Britain would become global drug dealers to feed their own addiction. Opium – the plant from which heroin derives – was grown in Indian colonies and smuggled into China. Unsurprisingly, demand went through the roof. Chinese officials, troops and citizens got hooked, smoking away the days in opium dens. The government decided it had to get rid of the drug. Opium was seized and burned, and the British were pushed out of China. They retreated to a small, barren island – a sparse backwater of hamlets and fishing communities that would eventually come to be known as Hong Kong.
Tensions between Britain and China were high. After failed negotiations and escalating skirmishes, the British fired on the walled city of Canton in 1840, so beginning the first of the two armed conflicts known as the Opium Wars. China lost both, and in the ensuing negotiations, Britain was granted sovereign rule over Hong Kong for the next 156 years.
Across this tumultuous period, the commodity that started it all went through some big changes. Tea transformed as it passed hands from Chinese merchants to British gentry, back to Hong Kong locals.

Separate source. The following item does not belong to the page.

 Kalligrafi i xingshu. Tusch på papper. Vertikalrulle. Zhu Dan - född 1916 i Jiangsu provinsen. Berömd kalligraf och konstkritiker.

The first big innovation was the shift from green to black. Both types of tea come from the same leaf, but black tea is fermented, giving it a stronger flavour and also increasing its shelf-life – perfect for shipping long distances. Before long, black tea overtook green in popularity in Britain.

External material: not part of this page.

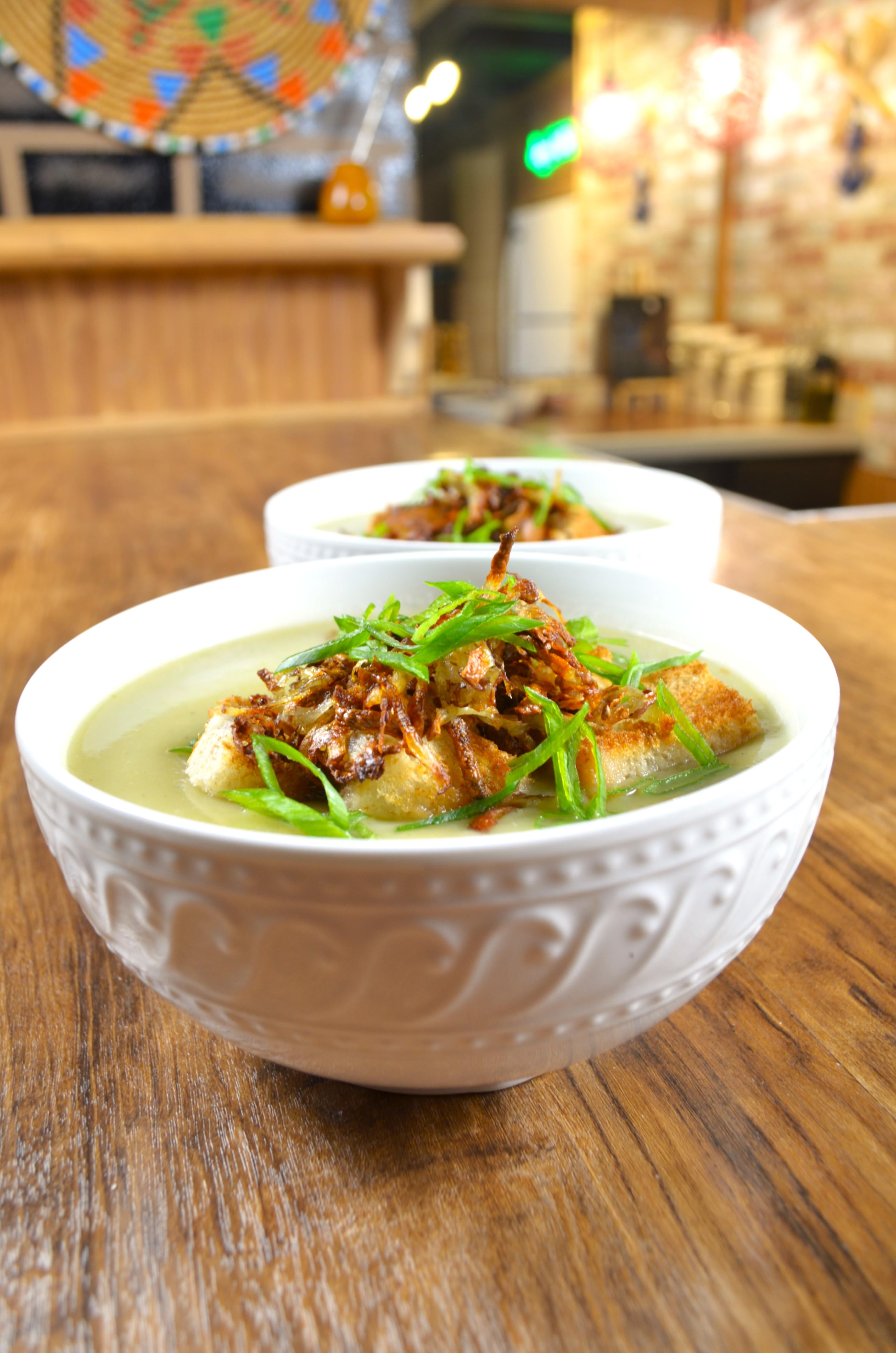 6. Serve: Ladle into bowls, then top with croutons, crispy shredded potato, and a sprinkle of minced green onion.

To balance out the bitterness of black tea, some Brits began adding milk and sugar – though the rationale behind this was beyond improving the flavour. In the case of milk, people would pour it into the cup before the tea to prevent weak china cracking under the boiled water. Others have suggested that unscrupulous bosses would add milk to their workers’ tea to make the drink cool down quicker, thus reducing break times.
As for the addition of sugar, it was a status flex. Tea was initially consumed by the upper classes, so it only made sense to combine it with sugar, another ostentatious luxury at the time. Hosts would allow guests to add their own sugar to their drink, flaunting their wealth for all to see. All this tea decadence culminated with Anna Russel, the seventh Duchess of Bedford. To stave off hunger pangs before dinner, she would order a mini meal to be served to her boudoir in secret, consisting of tea, bread, butter, cakes, biscuits, scones and other niceties. When exposed, she was not ridiculed as feared, but instead her practise caught on and became known as afternoon tea.

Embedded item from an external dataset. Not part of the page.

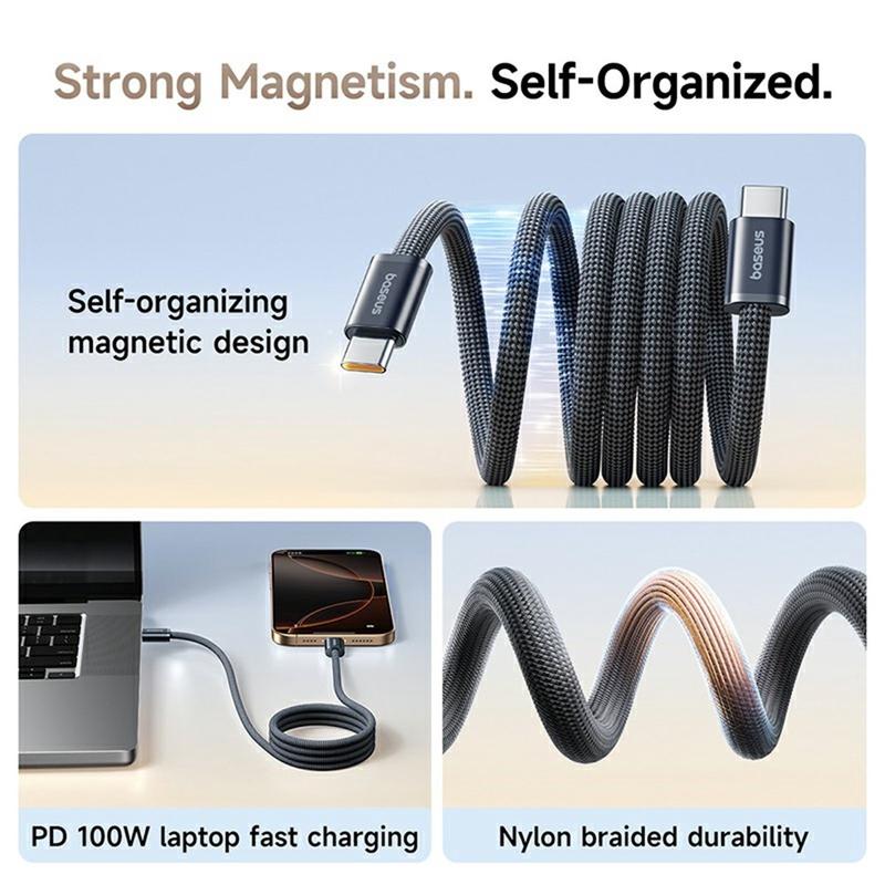 Upgrade your charging routine with the BASEUS Dynamic 4 Pro Type-C to Type-C Cable. Featuring a clever magnetic self-organizing design and 100W power delivery, this cable provides rapid, hassle-free charging for laptops, smartphones, and more. The durable nylon braided construction ensures long-lasting reliability, while the compact 1-meter length is perfect for both travel and everyday use.

British colonialists took these tea customs to Hong Kong. For a long time, their tea was served exclusively in hotels or high end restaurants – out of reach for most locals. But by the end of the Second World War, British habits began to finally trickle down into Hong Kong street culture. In 1950, cha chaan tengs began popping up. Informal, cheap and no-nonsense, these diners would serve Hong Kong-style Western cuisine to the masses. Here, after a history spanning thousands of years, crossing the continent and coming back, tea would be changed once more.
Lai cha is Hong Kong’s take on British tea with milk and sugar. Brewed with Ceylon and a secret mix of other types of black tea. It also goes by silk stocking milk tea, or pantyhose tea, because a sackcloth resembling tights is used to filter the leaves. This step is what gives the tea its velvety mouth-feel.
The brew is then mixed with milk, usually evaporated or condensed. This switch happened because fresh milk was not widely available in post-war 1950s Hong Kong. Tinned food and drink was used instead.
Typically served in a glass – yes, a glass – the final result is a rich and comforting drink that tastes uniquely sweet. The tea flavour is strong and packs a caffeine punch, yet it goes down smooth. Enjoy it with a crumbly pineapple bun – the Asian scone – slathered in butter to complete the modern Cantonese take on afternoon tea.
The city gulps down this drink 2.5 million times a day. Its historical importance has been recognised by the local government, who have put it on Hong Kong’s list of items of Intangible Cultural Heritage. Made in Hong Kong, passed through Great Britain and steeped in ancient Chinese tradition, it is the combined efforts of emperors, rulers, royals, merchants, farmers and common folk – all looking for a refreshing pick-me-up to break up the day.